TASK STATEMENT:
Find the lines holding the string "American" in the data, then copy all of them.

-- DATA FOR ANALYSIS follows --

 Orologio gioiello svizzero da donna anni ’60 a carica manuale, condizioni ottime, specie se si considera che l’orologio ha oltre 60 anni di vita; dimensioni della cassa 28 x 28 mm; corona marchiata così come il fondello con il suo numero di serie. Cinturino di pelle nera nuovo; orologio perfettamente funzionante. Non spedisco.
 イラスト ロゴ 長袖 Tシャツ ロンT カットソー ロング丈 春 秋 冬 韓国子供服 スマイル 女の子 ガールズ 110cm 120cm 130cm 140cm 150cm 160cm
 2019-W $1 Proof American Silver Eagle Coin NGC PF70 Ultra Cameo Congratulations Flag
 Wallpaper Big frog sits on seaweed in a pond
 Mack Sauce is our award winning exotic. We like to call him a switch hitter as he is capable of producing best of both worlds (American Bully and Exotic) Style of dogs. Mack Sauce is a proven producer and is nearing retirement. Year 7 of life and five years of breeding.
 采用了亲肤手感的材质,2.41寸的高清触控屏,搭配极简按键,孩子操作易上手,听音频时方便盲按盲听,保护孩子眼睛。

-- DATA FOR ANALYSIS concluded --
-- DATA FOR ANALYSIS follows --

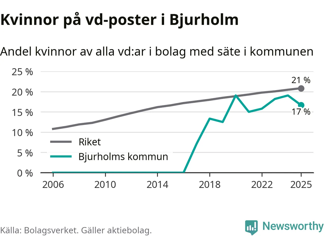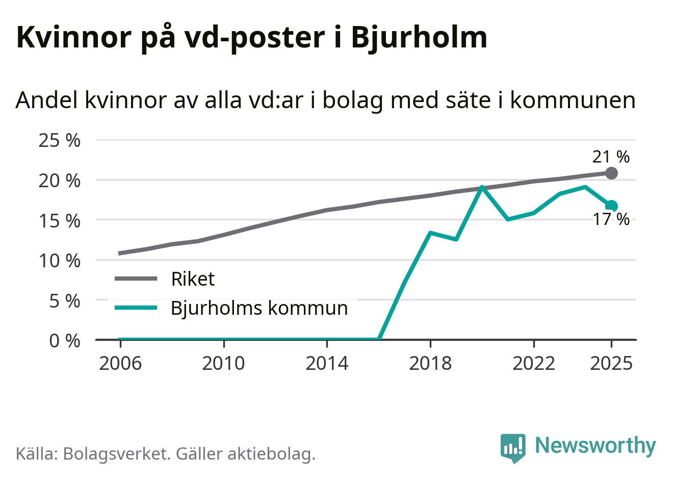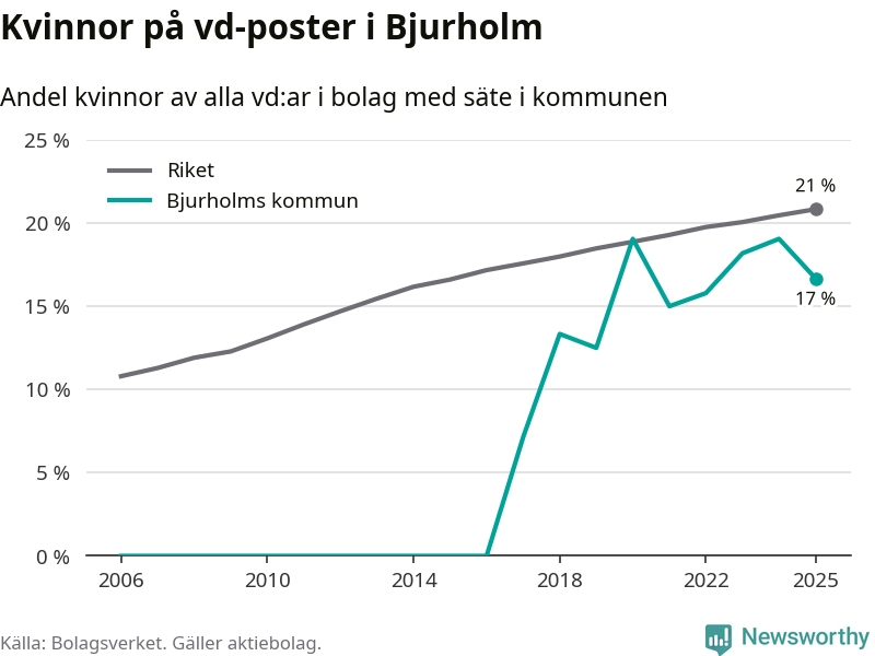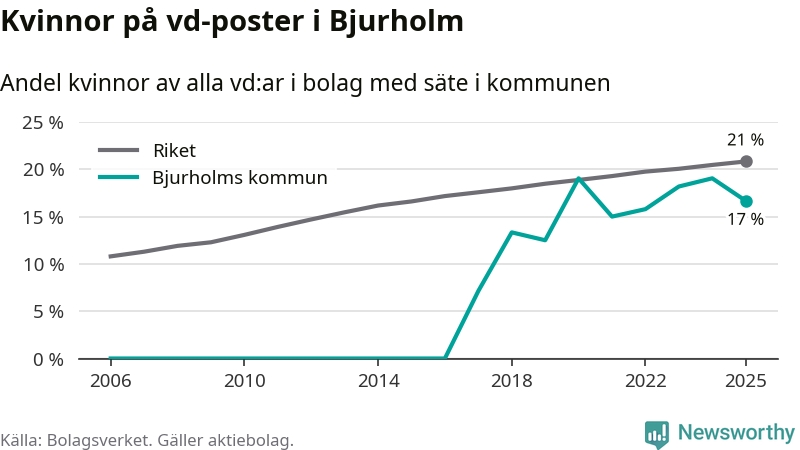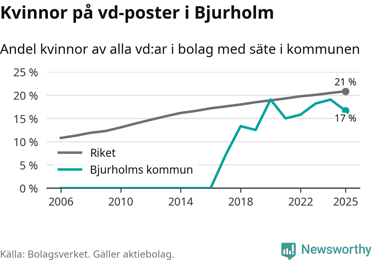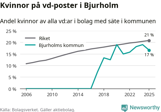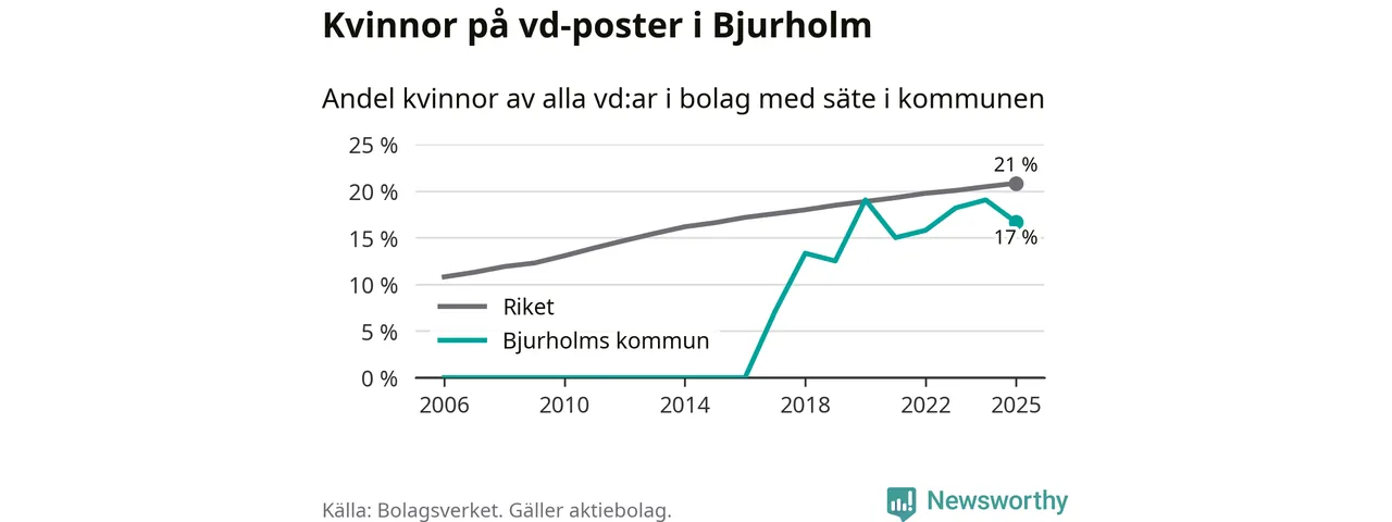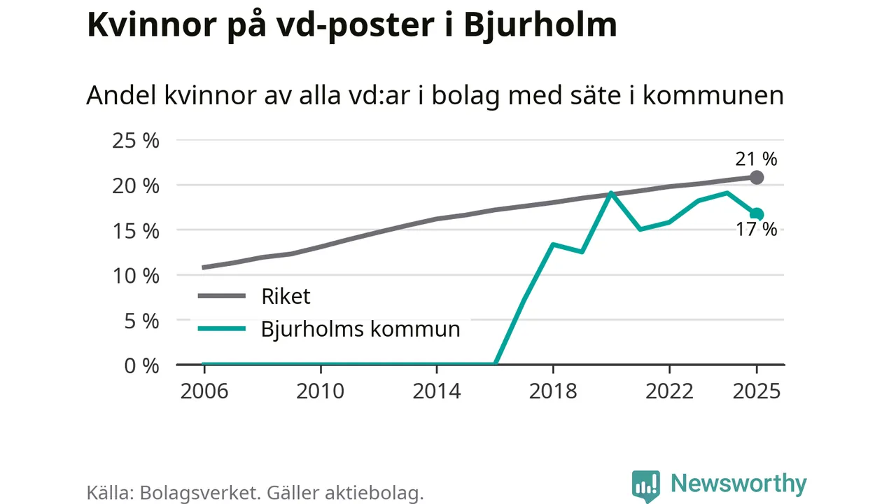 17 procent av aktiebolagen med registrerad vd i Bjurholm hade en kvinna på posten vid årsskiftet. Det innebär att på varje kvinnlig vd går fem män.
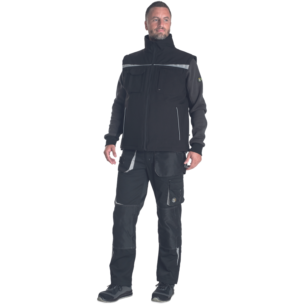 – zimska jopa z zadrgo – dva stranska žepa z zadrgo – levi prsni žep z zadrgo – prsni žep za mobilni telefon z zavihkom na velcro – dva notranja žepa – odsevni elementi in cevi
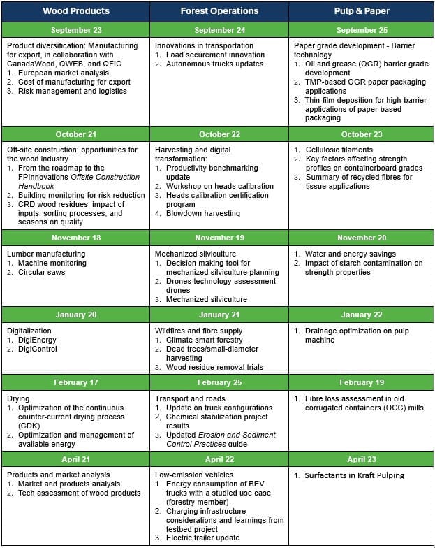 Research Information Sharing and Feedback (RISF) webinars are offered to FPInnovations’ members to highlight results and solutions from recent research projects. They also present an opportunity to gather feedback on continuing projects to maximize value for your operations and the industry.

-- DATA FOR ANALYSIS concluded --

ANSWER TO THIS TASK:
 2019-W $1 Proof American Silver Eagle Coin NGC PF70 Ultra Cameo Congratulations Flag
 Mack Sauce is our award winning exotic. We like to call him a switch hitter as he is capable of producing best of both worlds (American Bully and Exotic) Style of dogs. Mack Sauce is a proven producer and is nearing retirement. Year 7 of life and five years of breeding.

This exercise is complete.